The answer is that there has been a development in the last couple of years, and that development was the Cronulla riots. The Cronulla riots sharpened public opinion, particularly in Sydney but more broadly around Australia, about the whole issue of the contribution or otherwise of people from other countries to the development of Australia. Now, it is reasonable that the Australian people ask such questions, but the truth of the matter is that this government was responding to public opinion polls. If you want to know what really makes this government jump, what really makes it change a position, it is public opinion polls.

This is a political response to an unfortunate set of developments in south-west Sydney. Those developments were not only the Cronulla riots but also the activities of some members of the Muslim community.

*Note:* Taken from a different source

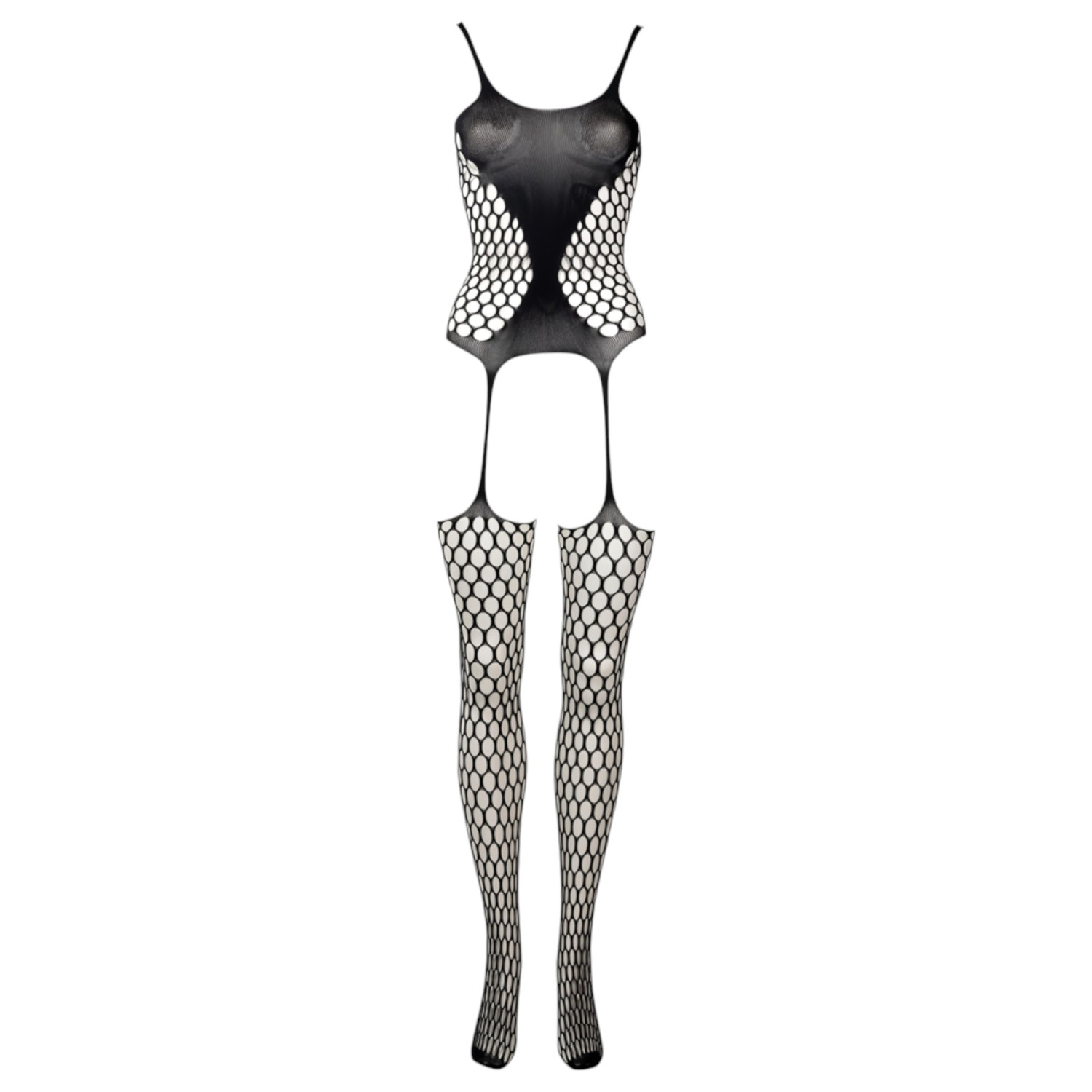 Bodystocking cu aspect de plasă largă și portjartier - alegerea perfectă dacă vrei un look îndrăzneț și care atrage toate privirile.

The sad truth is that the Howard government has sought to capitalise on the anxiety and division created by the behaviour of a small minority of members of the Muslim community in part of Sydney.

Have there been any major developments over the last 12 months or so in terms of the relationship between long-settled Australians and those who have arrived more recently in Melbourne? Perhaps, but I am not aware of any particular crisis that would have caused the government’s changed position. Have there been any such developments in Adelaide or in Perth? Indeed, in my home city of Brisbane and, more particularly, in Logan City, the area that I represent in this parliament, have there been any major divisions or riots, any ruckus? No, Mr Deputy Speaker, there have not.

In fact, in Logan City, we assert that we have the most diverse population anywhere in Australia—not the highest concentration of people from overseas, including people from non-English-speaking backgrounds, but the greatest diversity. We assert that there are people living in Logan City from more than 160 different homelands. The second reading speech described Australia as a country that has welcomed people from 200 different homelands, so we are right up there; we are only 40 short of the total number of countries from which Australia has drawn citizens over the last 150 years. So Logan City is an incredibly diverse area. Different people live side by side. Wave after wave of migrants who come to Australia come to Logan City.

The most recent wave of migrants is from African countries. Initially, they were Sudanese, but now they are Congolese, people from Somalia, people from Burundi—people from all over Africa. And the people who are already settled in Logan City welcome them with open arms. The people who come from these African countries do not live in enclaves. The sort of picture that is created and painted by this government, a picture of nonintegration and people unwilling to declare themselves true Aussies, is not the reality in Logan City, nor is it necessarily the reality anywhere else. Yet that one event, built on simmering tensions, the Cronulla riots, has caused the government to go down this particular path.

In addition to the changes set out in this legislation, the government has made it harder for people from overseas to qualify for citizenship, by extending the qualifying period from two years to four years. Let us be clear about what the government is doing: instead of inviting people to Australia and asking them to make a commitment to Australia through becoming Australian citizens, the government is making it harder to become a citizen. Why would it do that? Isn’t it what the Australian public wants—that those who do come here make a commitment to our country through taking out citizenship?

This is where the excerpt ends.